Finally, we applied our algorithm to a large Illumina metagenomics dataset to demonstrate its scalability. By utilizing parallel computing, our read overlapping algorithm was able to complete less than eight hours. The graph coarsening algorithm completed within approximately seven to twelve hours depending on the number of nodes added to the parallel merge sort portion of the graph coarsening algorithm.
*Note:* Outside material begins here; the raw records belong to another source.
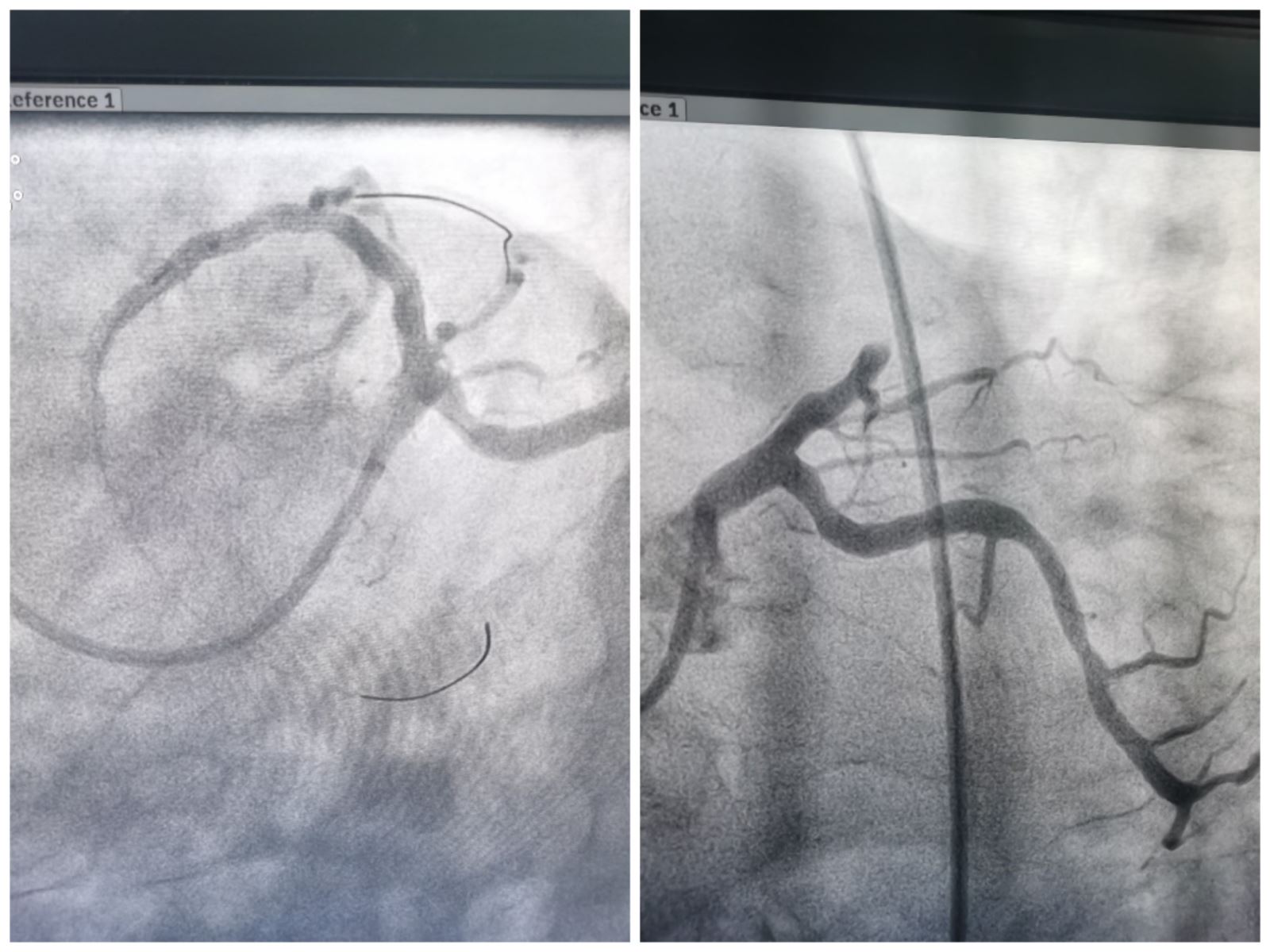 男性患者,58岁,既往有高血压、糖尿病、长期吸烟史,因患者突发胸痛6小时,并出现头晕、左下肢无力等症状,至我院胸痛中心就诊。经相关检查,心电图提示:广泛前壁心肌梗死,诊断考虑该患者为急性广泛前壁心梗,评估后,面积较大。因患者有头晕、肢体无力的症状,行头颅CT提示:右侧脑室旁缺血灶,考虑新发病变可能性大。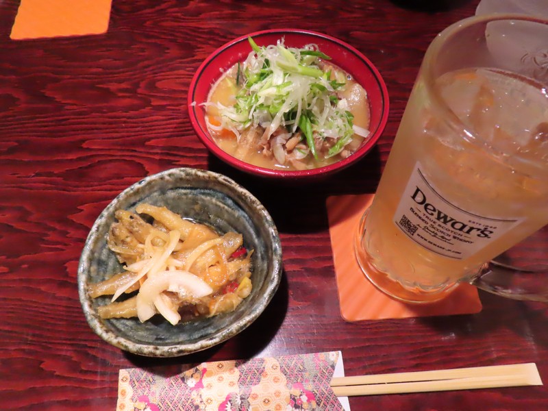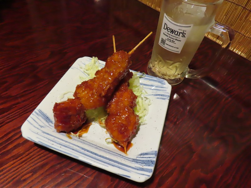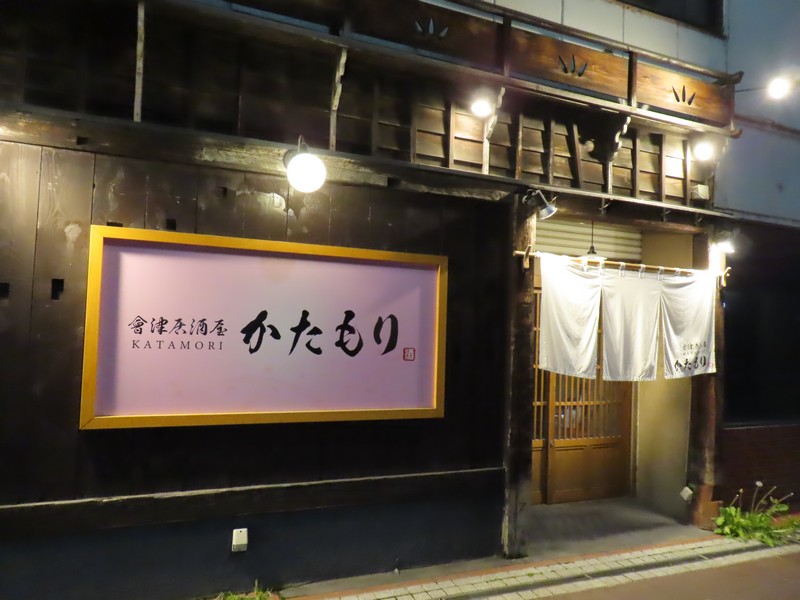 まだ18時だが、夜ごはんはどうしようか。気になる店があるので電話してみたら、今日は予約でいっぱいとのこと。少しうろうろしていると、居酒屋さん発見。會津居酒屋と書いてあるし、店の名前も「かたもり」だし、これは会津感が満載だ。入りますか。予約はないが少し間があって個室に案内されたが、どうやらこの後に来た人は満席と断られていました。危なかったな。いつもはビールだが、ハイボールもいいかな。日本酒は百佳(ひゃっけい)の純米酒。お通しが南蛮漬けとどて煮、これはポイント高い。まず、おいしいです。一日しっかり歩いた疲れが癒されるね。まずはたたききゅうり、これはさっぱりシャキシャキと安定のおいしさ。続いて来たのがソース串カツ。甘めのソースがいい味でこれはハイボールによく合うね。そしてやっぱり会津と言えばの馬刺し、おそらくもうこれで売り切れになっていたようで。よかった。熊本や長野の馬刺しはもう少しさしがあったりするしコウネとかの部位もあったりするが、会津はしっかりした赤身。どれもおいしいが、会津のは赤身に集中してしっかり楽しめるのがいい。そして締めは焼きおにぎり。ちょっと少なめにも思えるが、今日はこの後もあるのでこのくらいで。どれもおいしかったです。ごちそうさまでした。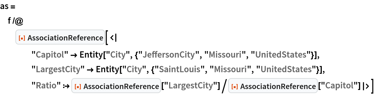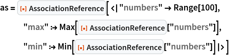 ResourceFunction["AssociationReference"][key] represents a reference to another value in an Association. | |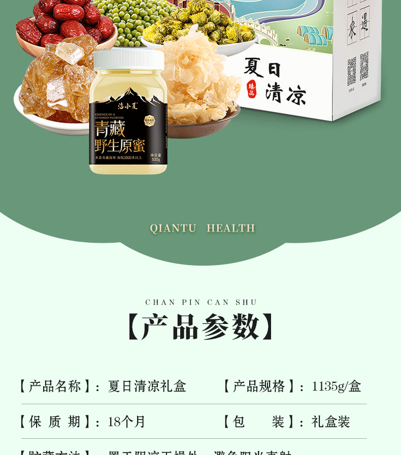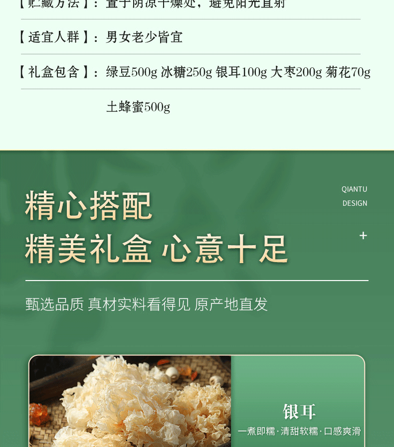 夏日清凉套餐(绿豆500g/冰糖250g/银耳100g/ 大枣200g/菊花50g/土蜂蜜500g)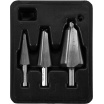 Sada 3 ks stupňovitých kuželových vrtáků na kov umožňující postupné vyvrtání více průměrů otvorů.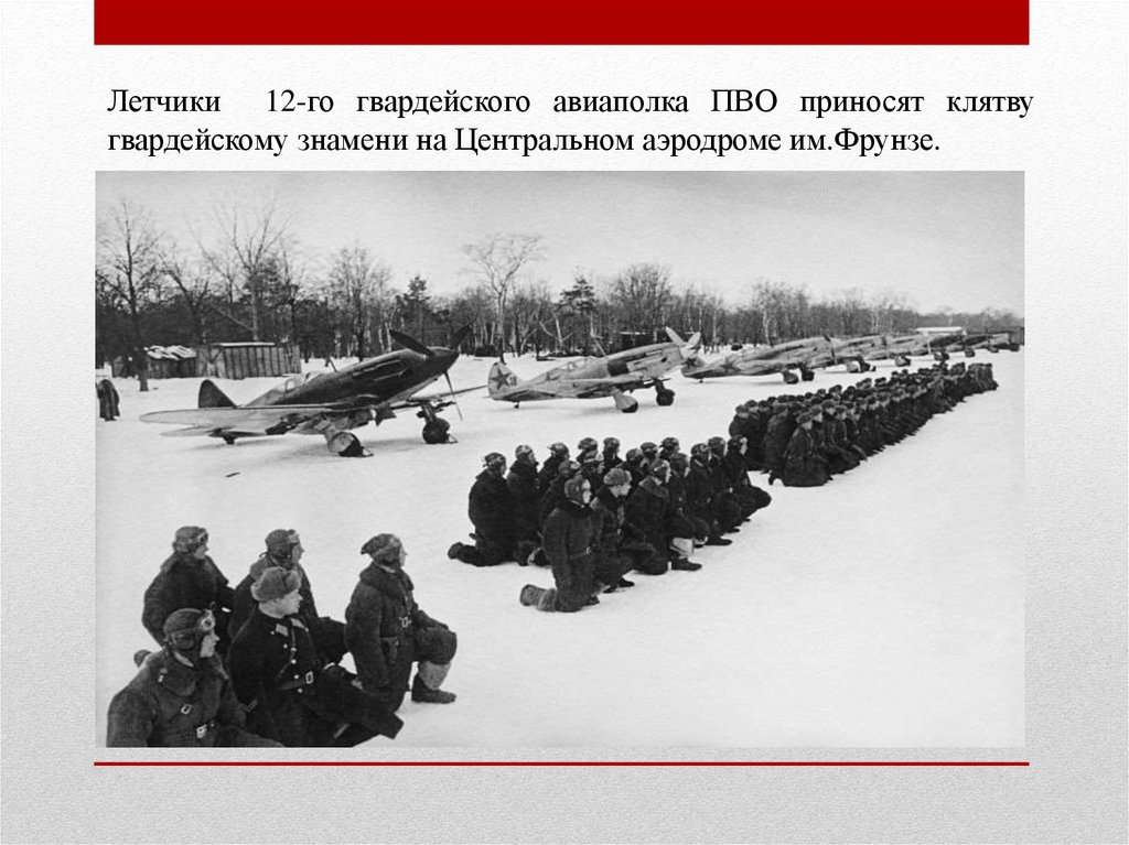 Летчики 12-го гвардейского авиаполка ПВО приносят клятвугвардейскому знамени на Центральном аэродроме им.Фрунзе.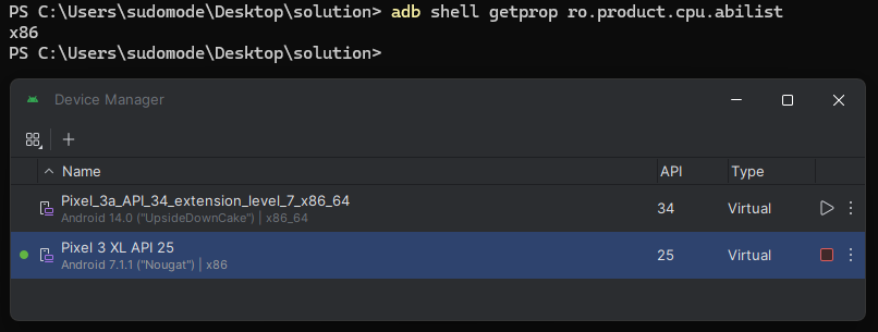 If you’re using android studio the virtual Device manager will display the info as automatically . next , we need to push frida-server-16.2.1-android-x86 to the device using these commands respectively :

The algorithm was able to reduce the number of edges in the overlap graph nearly 168 fold while recording each graph level on disk, allowing a researcher to access the overlap graph at various levels of complexity. We plan to expand our graph coarsening algorithm to a full sequence assembler which will be contrasted to currently available assembly methods. We also plan to conduct further in-depth studies on the impact of input parameters on the graph coarsening process. Most current approaches rely on one overlap graph to capture a single snapshot of the reads and their overlap relationships. In contrast, our proposed assembly algorithm will rely on a series of coarsened graphs to capture both local and global dataset features.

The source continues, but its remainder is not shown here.